Your speed is somehow even worse than your previous tier 5 Chi-Nu. While the Chi-Nu had only 45 kilometres compared to your maximum of kilometres, your painfully average 29 kilometres (with below average ground resistance) makes this tank painfully slow in escaping battles. Your power to weight ratio has been reduced significantly, in short, you are not agile so consider where you will go.
Playstyle For Low, Top tier and Stock
Your playstyle has essentially remained unchanged, but it’s somehow slightly less effective, although you are able to get in more shots.
Because of this, play your tank more cautiously in fights, remember that your tank is basically a heavium with no actual armour. Do not even for a minute have any tank face their guns at you, tier 6 has the highest ratio of high alpha guns for such a low tier, and the Kv-2 can cut your tank like melted butter. Do not spearhead attacks and stay behind cover. It is sad to say, but always let your teammates go in first, even when top tier.

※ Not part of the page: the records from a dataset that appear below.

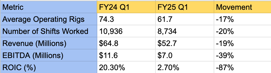 影响与缓解格罗夫纳油田关闭的直接后果是钻井平台利用率急剧下降。2025 财年第一季度,平均运营钻井平台数量降至 61 台,低于上年同期的 74 台。总工作班次减少了 20%(2202 个班次),公司录得季度临时会计亏损。$320,000。
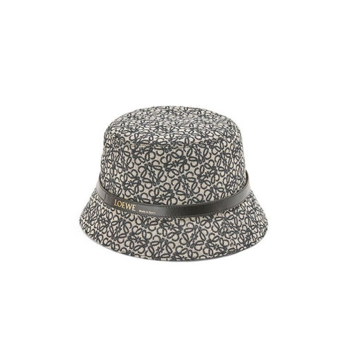 LOEWE/罗意威 22年春夏新款 女士海军蓝/黑色提花布和牛皮革老花图案水桶帽渔夫帽K820HB1X07-5938
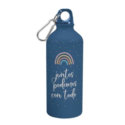 Purple aluminum canteen with multi-colored dot print, rainbow pattern and "Together we can do it all" text. Different models available.
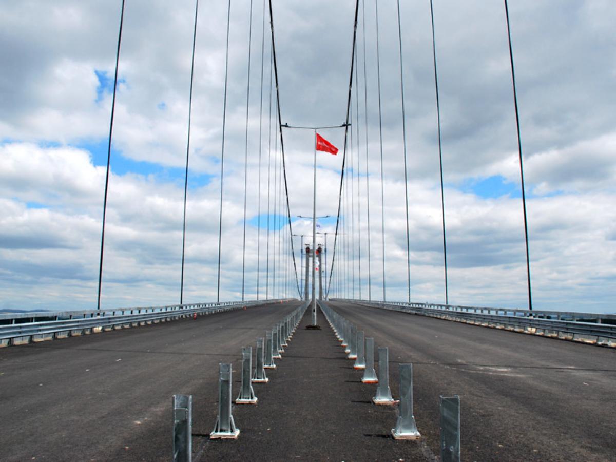 Deocamdată, ieri încă se lucra la pregătirea pentru asfaltare a ultimei porțiuni din rampa de acces de pe malul brăilean. Este vorba despre un segment de circa 150 metri lungime, care încă e la stadiul stratului de pietriș. Ni s-a spus, totuși, că până la finalul acestei săptămâni se va turna asfalt și pe această porțiune. În rest, se mai lucrează la montarea parapeților care vor separa cele două sensuri de mers. Apoi vor trebui trasate marcajele rutiere. Se mai lucrează în prezent la vopsirea turnurilor de pe ambele maluri, precum și la montarea iluminatului arhitectural. De asemenea, se mai montează balizajul aeronautic și naval. Toate aceste detalii trebuie puse la punct, la podul propriu-zis, înainte de inaugurare.

Tactics involve staying behind cover, bushes, your teammates, dead or alive and at 200 metres away, this is because your ultimate advantage to your team is being the damage giver. Support your teammates in fights but not frontally, be an opportunist. These tactics are early in the match. Be a lot more aggressive (assuming you have enough health) and kill weak or vulnerable tanks with adrenaline when there are fewer opponents, but do not brawl or facehug, most high alpha tanks will not survive a fight against your great penetration and excellent DPM, Do not be very aggressive even when fighting top tier tanks.
Tier 7 – Chi-Ri
The conflicting Chi-Ri is hated by many, but loved by some, unlike the awful Chi-To, the Chi-Ri is a monster when used correctly, however, it is one of the worst medium tanks in tier 7 as it is basically the T71 but slower, and much larger with slightly worse penetration.
Just as the previous stock grind was, the stock grind on the Chi-Ri is truly a hellish experience, while short in length, your tank is essentially a Stock Chi-To, but bigger, slower, and with rubbish aim time.

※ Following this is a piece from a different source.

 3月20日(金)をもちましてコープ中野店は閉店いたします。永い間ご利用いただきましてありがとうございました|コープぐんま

Rush grind the top turret and spend free XP on the top gun, price for the components are very cheap and being a very slow, giant Chi-To is not pleasant is on the runner up in being the worst stock tank in WOT blitz.

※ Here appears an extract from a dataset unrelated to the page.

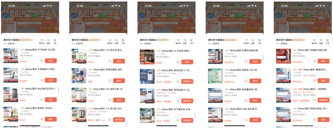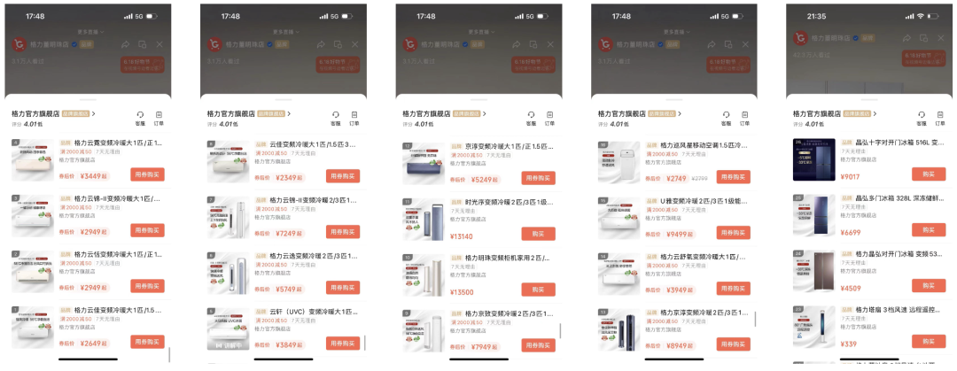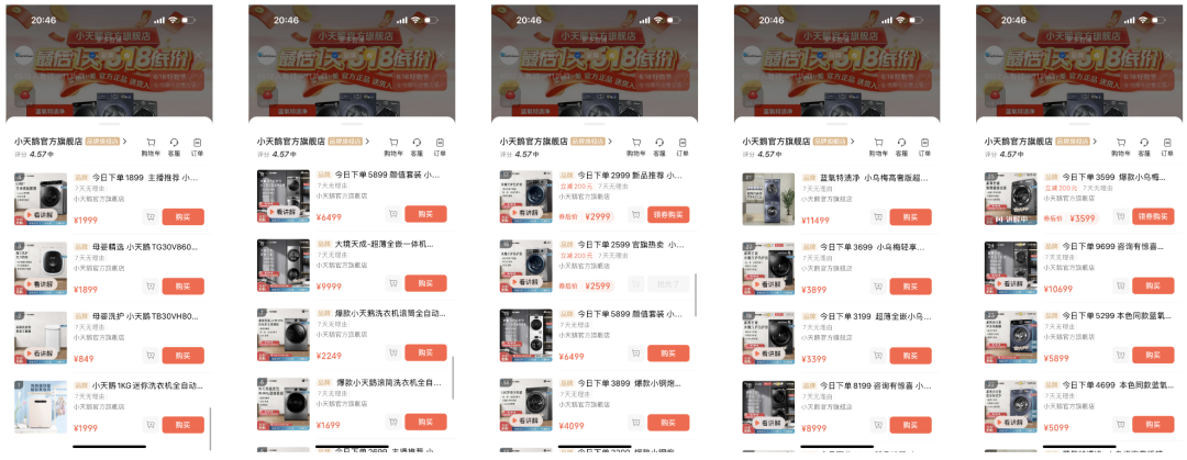 對比來看,在直播間購物貨品的呈現(xiàn)上都各有亮點。格力、美的通過減扣券的設(shè)置,用戶在下單時點擊“用券購買”、“領(lǐng)券購買”按鈕,增加了一份參與大促活動的優(yōu)惠感;而小天鵝則通過在標(biāo)題中增加“今日下單+價格”的文案,給用戶一種限時提醒,促使盡快完成下單抉擇。

Top components and characteristics
In terms of armour, nothing has changed about this tank, which is completely made of paper at this point. This is much worse than expected, not just your armour can be penetrated even with high explosive by almost every tier 8, some can even penetrate your frontal armour with it. Worse yet, your tank is as big as a Maus with low concealment.
Your speed is masterpiece of bad, to compare, your speed is now comparable to tier 8 heavy speeds, but only with a higher maximum speed. This is simply due to your heavy tank weight (42 tons), and you are medium with no armour. In short, escaping battles or even the idea of maneuverability on this tank is none-existent. Even with the recent buff on the speed, this does not change the tank’s horrific mobility at all.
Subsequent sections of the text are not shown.